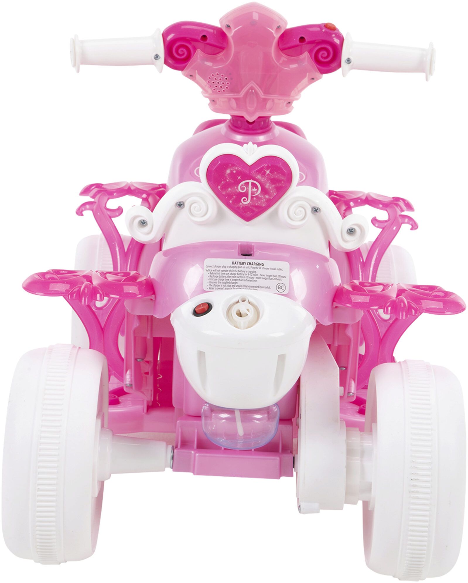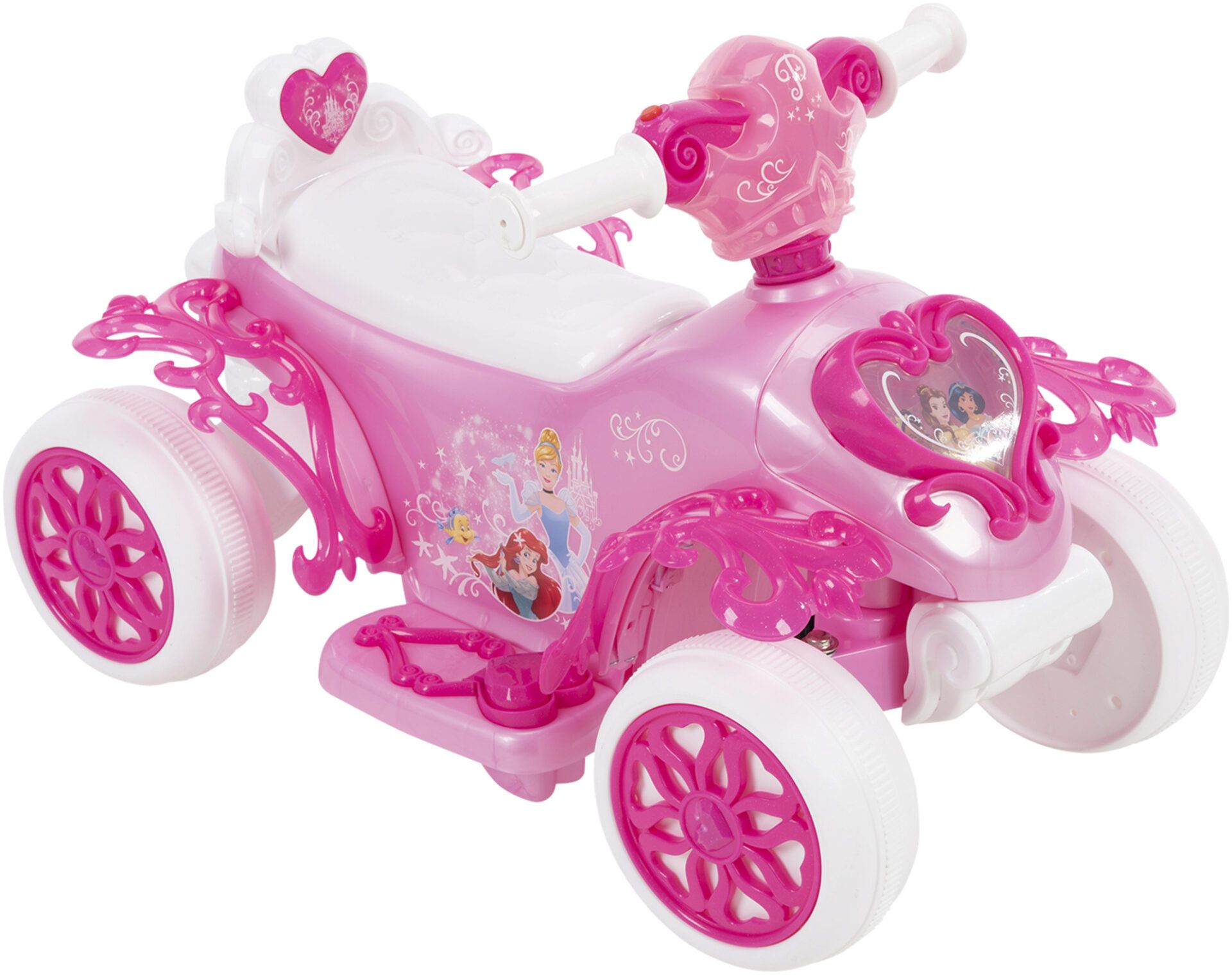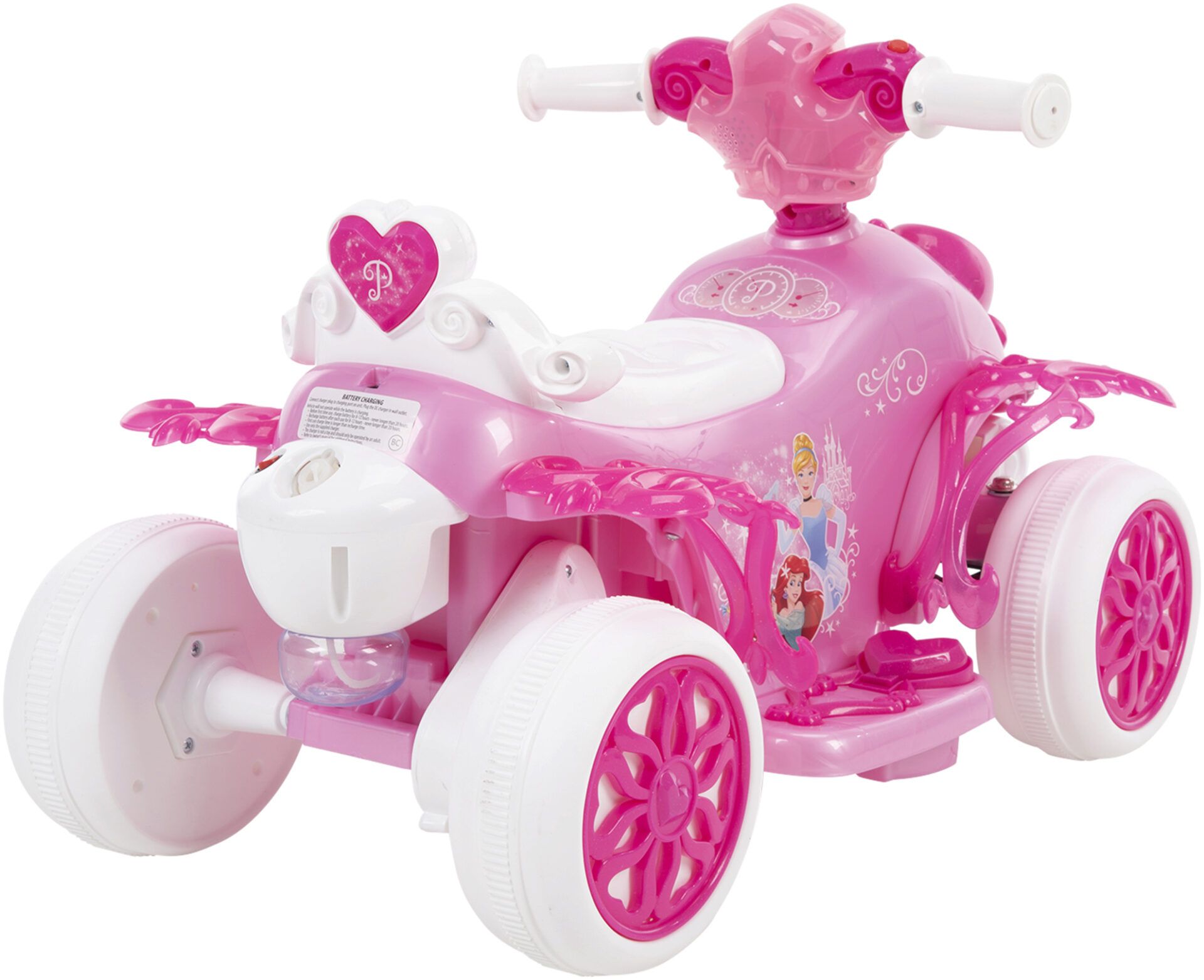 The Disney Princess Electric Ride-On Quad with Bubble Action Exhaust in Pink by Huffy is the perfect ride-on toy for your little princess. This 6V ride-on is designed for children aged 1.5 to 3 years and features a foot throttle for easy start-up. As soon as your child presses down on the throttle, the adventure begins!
==
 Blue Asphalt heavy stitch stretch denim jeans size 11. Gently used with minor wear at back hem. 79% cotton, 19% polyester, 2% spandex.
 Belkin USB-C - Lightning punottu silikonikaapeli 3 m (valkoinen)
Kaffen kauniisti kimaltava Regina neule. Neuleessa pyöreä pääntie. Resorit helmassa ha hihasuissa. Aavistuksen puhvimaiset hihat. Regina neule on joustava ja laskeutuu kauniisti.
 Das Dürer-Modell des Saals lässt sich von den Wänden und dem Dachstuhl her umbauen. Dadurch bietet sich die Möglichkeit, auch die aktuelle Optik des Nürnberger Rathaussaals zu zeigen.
==
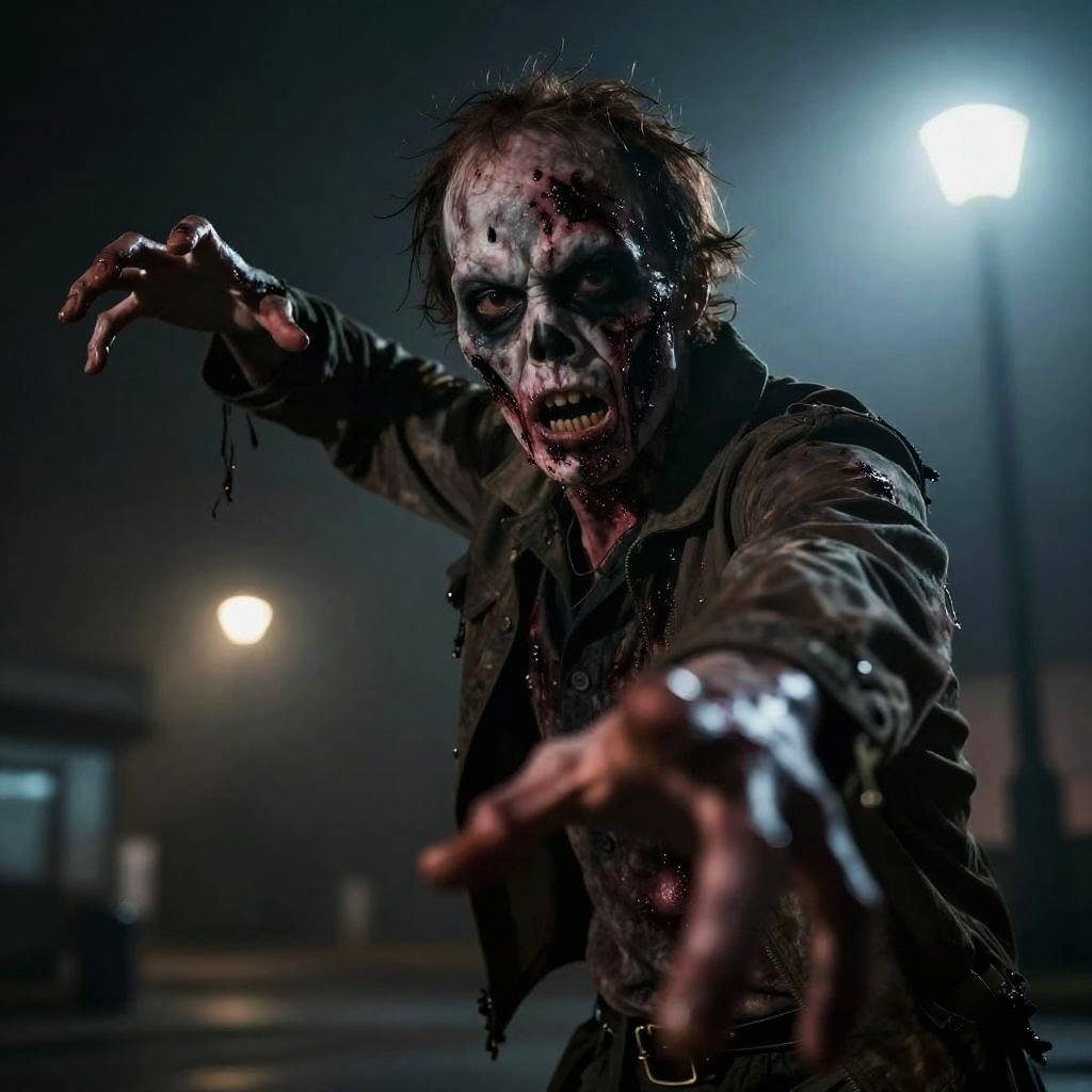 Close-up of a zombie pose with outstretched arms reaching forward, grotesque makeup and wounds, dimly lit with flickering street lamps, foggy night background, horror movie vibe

> **INSTRUCTIONS TO FOLLOW**
Every line above from the line with "Belkin USB-C - Lightning" to the line with "Das Dürer-Modell des" is wanted, ends included; write them out exactly and add no other line.

> **RESPONSE BELOW**
 Belkin USB-C - Lightning punottu silikonikaapeli 3 m (valkoinen)
Kaffen kauniisti kimaltava Regina neule. Neuleessa pyöreä pääntie. Resorit helmassa ha hihasuissa. Aavistuksen puhvimaiset hihat. Regina neule on joustava ja laskeutuu kauniisti.
 Das Dürer-Modell des Saals lässt sich von den Wänden und dem Dachstuhl her umbauen. Dadurch bietet sich die Möglichkeit, auch die aktuelle Optik des Nürnberger Rathaussaals zu zeigen.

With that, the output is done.